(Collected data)
==================================================
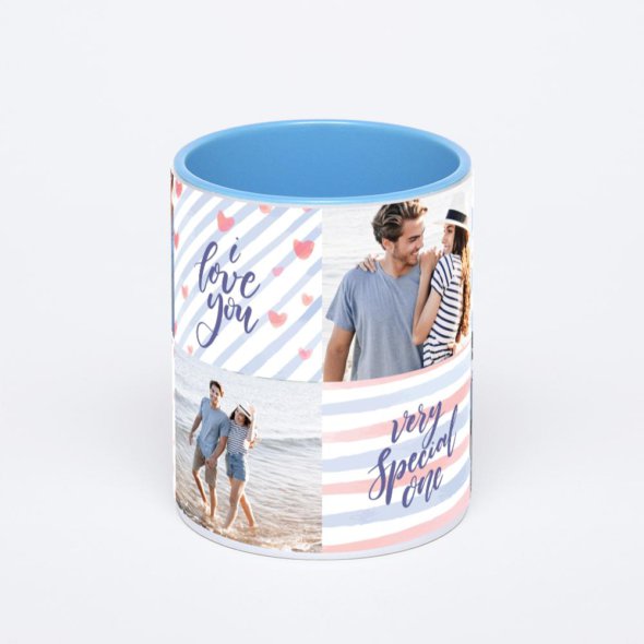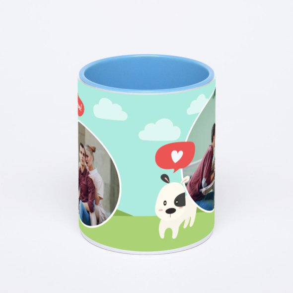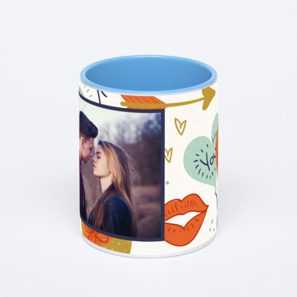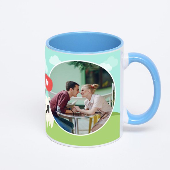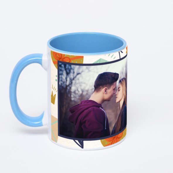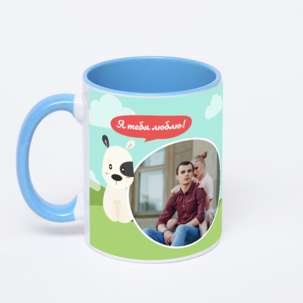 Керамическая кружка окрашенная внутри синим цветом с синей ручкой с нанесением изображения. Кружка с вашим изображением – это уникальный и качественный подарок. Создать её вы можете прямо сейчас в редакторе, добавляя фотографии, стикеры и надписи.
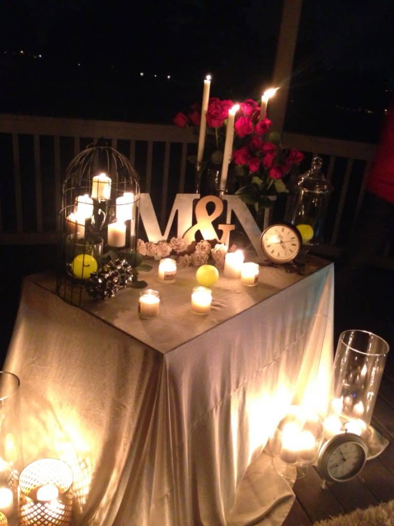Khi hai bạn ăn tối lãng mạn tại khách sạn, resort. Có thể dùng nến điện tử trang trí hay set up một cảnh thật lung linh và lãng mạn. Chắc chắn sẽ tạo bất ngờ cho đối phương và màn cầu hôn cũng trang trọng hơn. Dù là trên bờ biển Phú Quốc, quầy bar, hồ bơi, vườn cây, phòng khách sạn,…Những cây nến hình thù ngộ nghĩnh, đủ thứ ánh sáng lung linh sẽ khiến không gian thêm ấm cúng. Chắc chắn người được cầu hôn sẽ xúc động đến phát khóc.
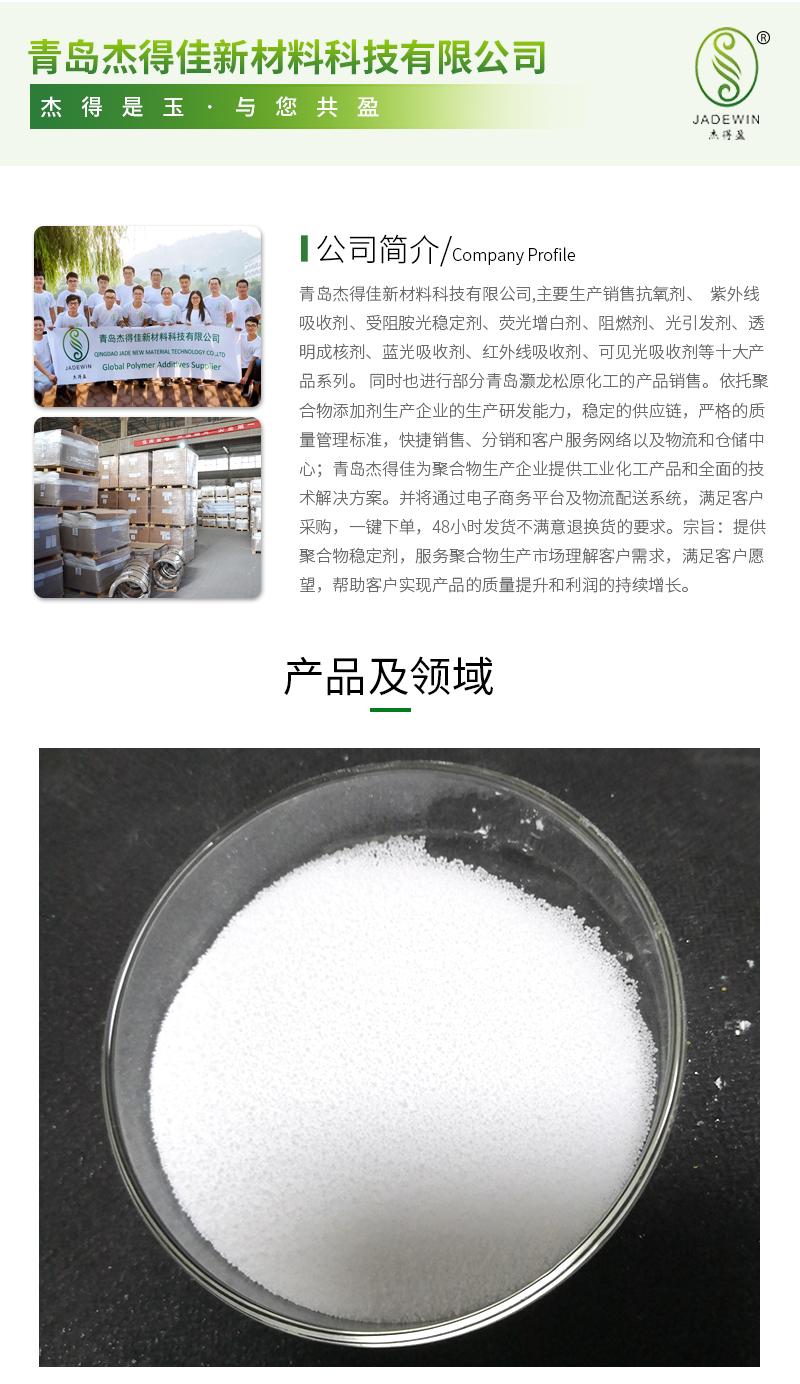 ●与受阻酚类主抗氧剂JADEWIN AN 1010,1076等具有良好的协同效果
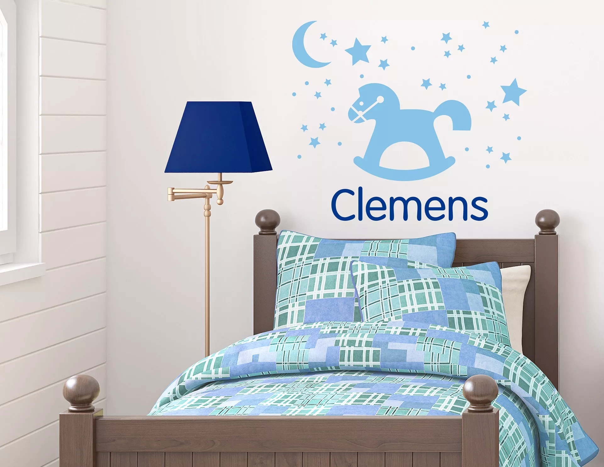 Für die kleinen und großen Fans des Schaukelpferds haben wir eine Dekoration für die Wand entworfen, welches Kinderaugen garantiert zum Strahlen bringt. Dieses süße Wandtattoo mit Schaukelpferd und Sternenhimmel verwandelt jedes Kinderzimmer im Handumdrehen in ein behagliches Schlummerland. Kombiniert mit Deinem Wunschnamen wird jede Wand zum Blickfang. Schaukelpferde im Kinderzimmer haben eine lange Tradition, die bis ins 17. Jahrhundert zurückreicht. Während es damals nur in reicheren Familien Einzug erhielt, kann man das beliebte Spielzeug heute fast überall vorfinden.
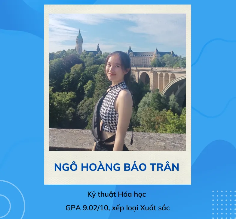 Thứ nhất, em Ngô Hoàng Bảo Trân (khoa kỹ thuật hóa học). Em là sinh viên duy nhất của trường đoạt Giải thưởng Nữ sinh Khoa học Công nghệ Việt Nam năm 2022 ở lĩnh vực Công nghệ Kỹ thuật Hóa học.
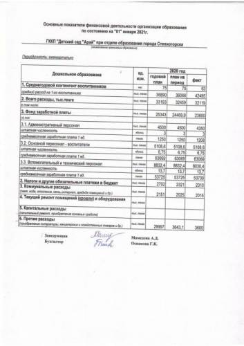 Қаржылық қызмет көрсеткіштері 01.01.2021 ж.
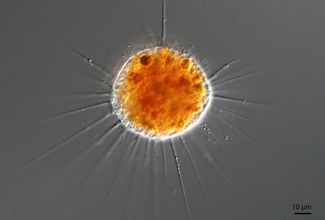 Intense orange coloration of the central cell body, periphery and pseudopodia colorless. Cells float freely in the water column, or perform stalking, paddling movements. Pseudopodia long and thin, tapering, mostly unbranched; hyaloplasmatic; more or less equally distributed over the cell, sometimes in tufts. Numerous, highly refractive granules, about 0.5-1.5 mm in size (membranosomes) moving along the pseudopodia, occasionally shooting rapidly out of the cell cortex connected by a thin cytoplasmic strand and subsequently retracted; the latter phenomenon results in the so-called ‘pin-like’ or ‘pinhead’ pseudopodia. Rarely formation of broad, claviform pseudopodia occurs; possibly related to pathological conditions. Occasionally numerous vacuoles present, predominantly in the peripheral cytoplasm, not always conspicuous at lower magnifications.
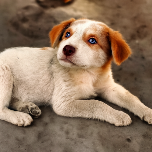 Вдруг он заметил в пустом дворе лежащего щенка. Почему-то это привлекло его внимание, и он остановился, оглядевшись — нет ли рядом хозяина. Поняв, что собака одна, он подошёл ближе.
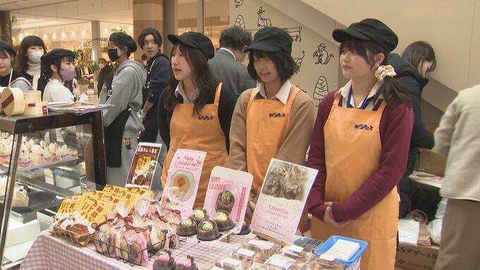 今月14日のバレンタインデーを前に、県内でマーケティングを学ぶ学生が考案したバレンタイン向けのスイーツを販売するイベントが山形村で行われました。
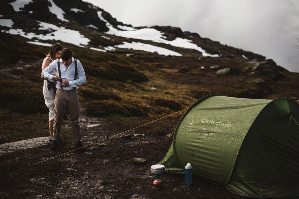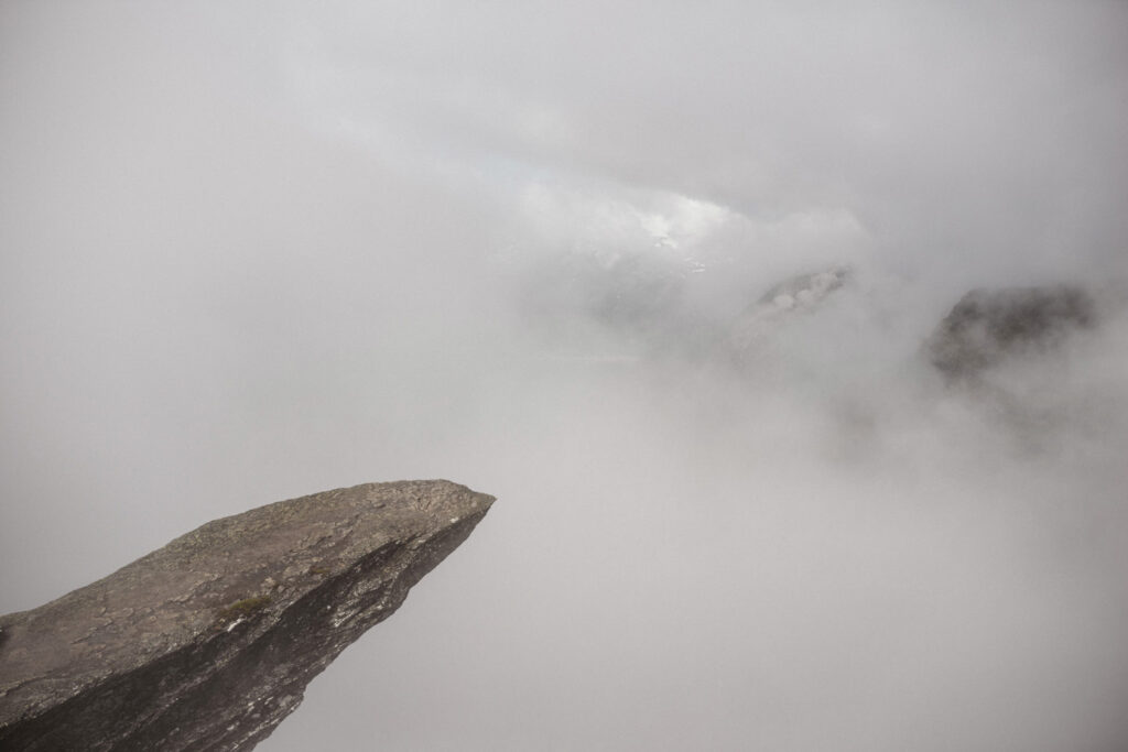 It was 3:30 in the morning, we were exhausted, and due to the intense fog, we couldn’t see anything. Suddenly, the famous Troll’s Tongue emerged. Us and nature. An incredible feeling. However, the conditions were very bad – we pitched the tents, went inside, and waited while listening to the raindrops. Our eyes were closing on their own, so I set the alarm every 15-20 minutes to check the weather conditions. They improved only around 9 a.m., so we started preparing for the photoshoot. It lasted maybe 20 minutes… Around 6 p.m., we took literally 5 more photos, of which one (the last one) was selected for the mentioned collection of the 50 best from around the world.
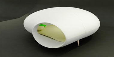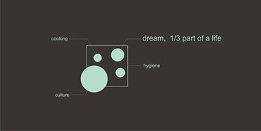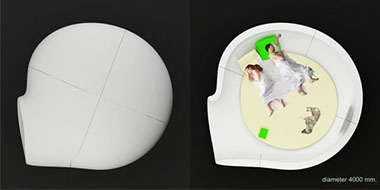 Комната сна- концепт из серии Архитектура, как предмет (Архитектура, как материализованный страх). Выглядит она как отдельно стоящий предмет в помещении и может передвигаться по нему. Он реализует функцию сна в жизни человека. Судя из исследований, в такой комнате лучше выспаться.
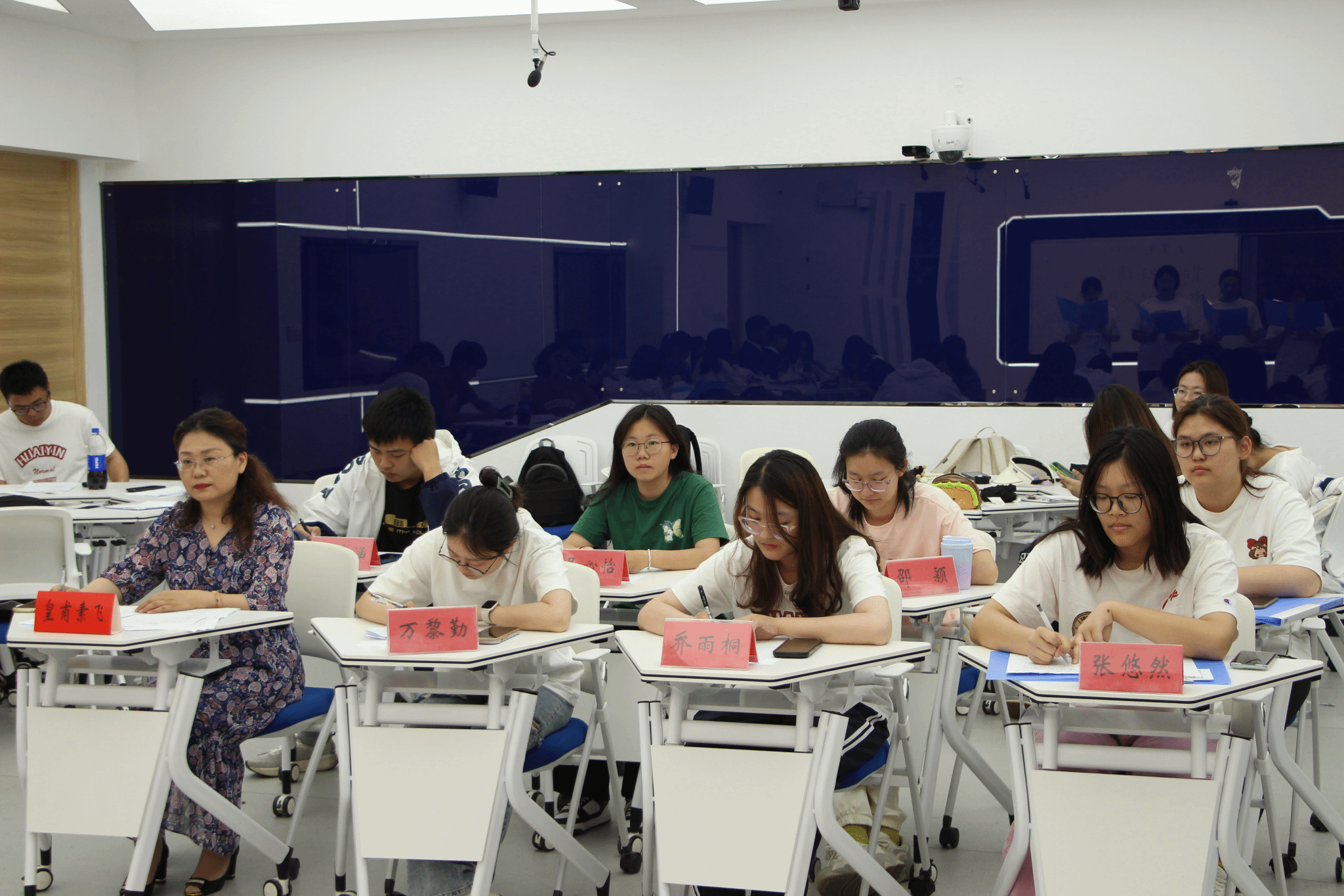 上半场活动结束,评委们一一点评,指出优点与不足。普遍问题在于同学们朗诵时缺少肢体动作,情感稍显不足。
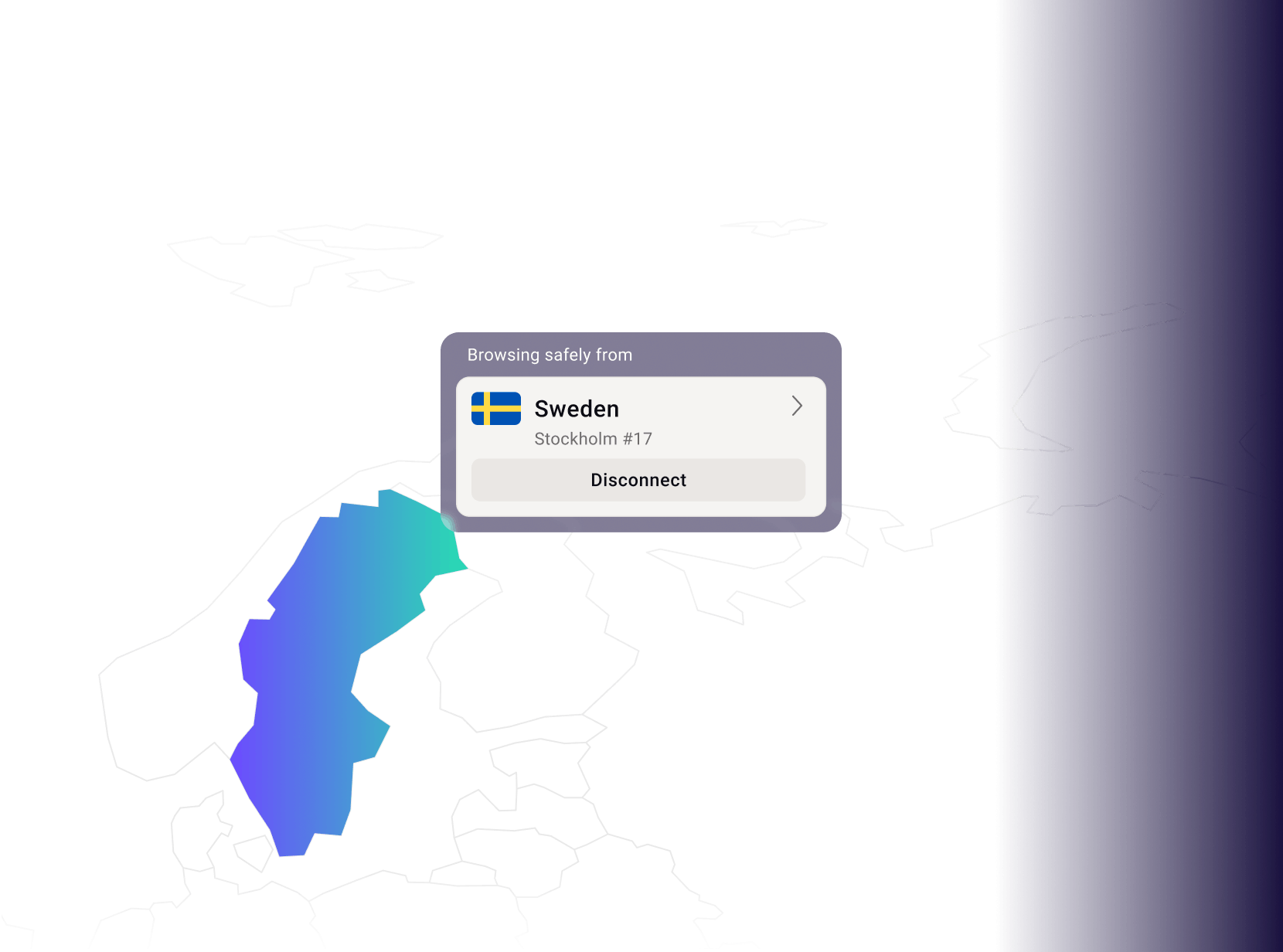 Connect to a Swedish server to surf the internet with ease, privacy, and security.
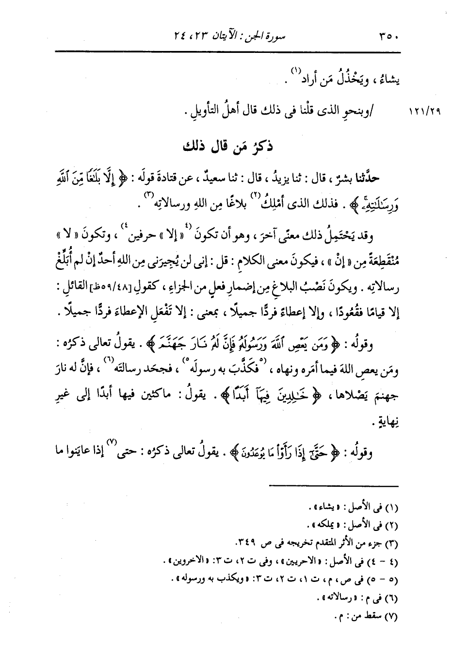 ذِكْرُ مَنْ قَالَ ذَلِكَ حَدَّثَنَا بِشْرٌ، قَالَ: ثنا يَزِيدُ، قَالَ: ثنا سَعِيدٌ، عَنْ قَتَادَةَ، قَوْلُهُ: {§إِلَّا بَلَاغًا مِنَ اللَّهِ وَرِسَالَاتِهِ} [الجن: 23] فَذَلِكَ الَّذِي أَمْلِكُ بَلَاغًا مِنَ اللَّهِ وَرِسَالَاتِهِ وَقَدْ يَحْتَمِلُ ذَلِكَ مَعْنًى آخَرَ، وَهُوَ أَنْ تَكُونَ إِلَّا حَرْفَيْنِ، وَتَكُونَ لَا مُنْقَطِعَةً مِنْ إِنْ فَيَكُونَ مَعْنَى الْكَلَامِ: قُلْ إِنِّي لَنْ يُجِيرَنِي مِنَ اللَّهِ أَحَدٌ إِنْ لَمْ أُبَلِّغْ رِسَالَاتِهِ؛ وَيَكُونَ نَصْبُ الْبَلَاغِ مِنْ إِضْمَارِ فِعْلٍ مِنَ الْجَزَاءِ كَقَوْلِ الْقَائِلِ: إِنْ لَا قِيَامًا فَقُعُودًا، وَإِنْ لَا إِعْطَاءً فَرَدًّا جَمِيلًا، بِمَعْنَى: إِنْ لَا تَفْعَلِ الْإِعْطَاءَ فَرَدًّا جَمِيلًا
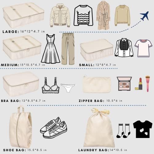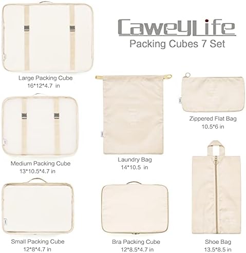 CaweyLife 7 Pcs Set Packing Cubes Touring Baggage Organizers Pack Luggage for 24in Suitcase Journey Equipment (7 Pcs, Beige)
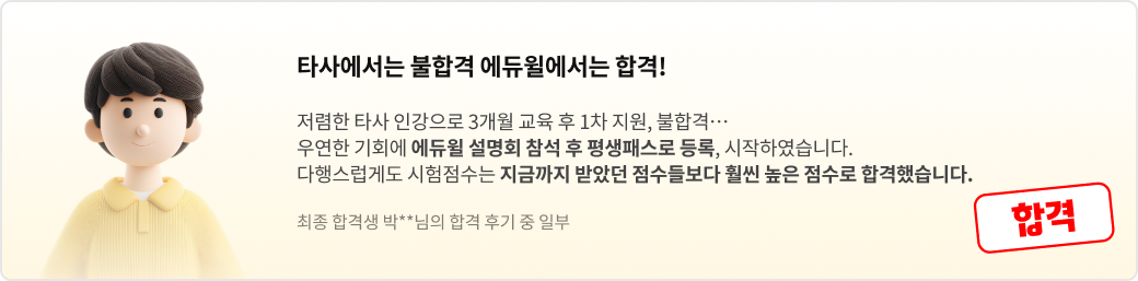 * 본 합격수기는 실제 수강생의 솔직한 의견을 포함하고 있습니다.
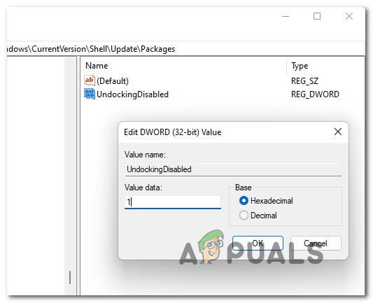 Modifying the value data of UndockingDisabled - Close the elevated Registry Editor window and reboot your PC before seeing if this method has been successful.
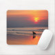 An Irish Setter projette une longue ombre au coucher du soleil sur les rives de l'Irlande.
==================================================
* TASK PROMPT
All that should be returned is the run of lines from the start of the entries above to the line bearing "Қаржылық қызмет көрсеткіштері 01.01.2021 ж.", each exact, with pictures omitted.

* REPLY
 Керамическая кружка окрашенная внутри синим цветом с синей ручкой с нанесением изображения. Кружка с вашим изображением – это уникальный и качественный подарок. Создать её вы можете прямо сейчас в редакторе, добавляя фотографии, стикеры и надписи.
Khi hai bạn ăn tối lãng mạn tại khách sạn, resort. Có thể dùng nến điện tử trang trí hay set up một cảnh thật lung linh và lãng mạn. Chắc chắn sẽ tạo bất ngờ cho đối phương và màn cầu hôn cũng trang trọng hơn. Dù là trên bờ biển Phú Quốc, quầy bar, hồ bơi, vườn cây, phòng khách sạn,…Những cây nến hình thù ngộ nghĩnh, đủ thứ ánh sáng lung linh sẽ khiến không gian thêm ấm cúng. Chắc chắn người được cầu hôn sẽ xúc động đến phát khóc.
 ●与受阻酚类主抗氧剂JADEWIN AN 1010,1076等具有良好的协同效果
 Für die kleinen und großen Fans des Schaukelpferds haben wir eine Dekoration für die Wand entworfen, welches Kinderaugen garantiert zum Strahlen bringt. Dieses süße Wandtattoo mit Schaukelpferd und Sternenhimmel verwandelt jedes Kinderzimmer im Handumdrehen in ein behagliches Schlummerland. Kombiniert mit Deinem Wunschnamen wird jede Wand zum Blickfang. Schaukelpferde im Kinderzimmer haben eine lange Tradition, die bis ins 17. Jahrhundert zurückreicht. Während es damals nur in reicheren Familien Einzug erhielt, kann man das beliebte Spielzeug heute fast überall vorfinden.
 Thứ nhất, em Ngô Hoàng Bảo Trân (khoa kỹ thuật hóa học). Em là sinh viên duy nhất của trường đoạt Giải thưởng Nữ sinh Khoa học Công nghệ Việt Nam năm 2022 ở lĩnh vực Công nghệ Kỹ thuật Hóa học.
 Қаржылық қызмет көрсеткіштері 01.01.2021 ж.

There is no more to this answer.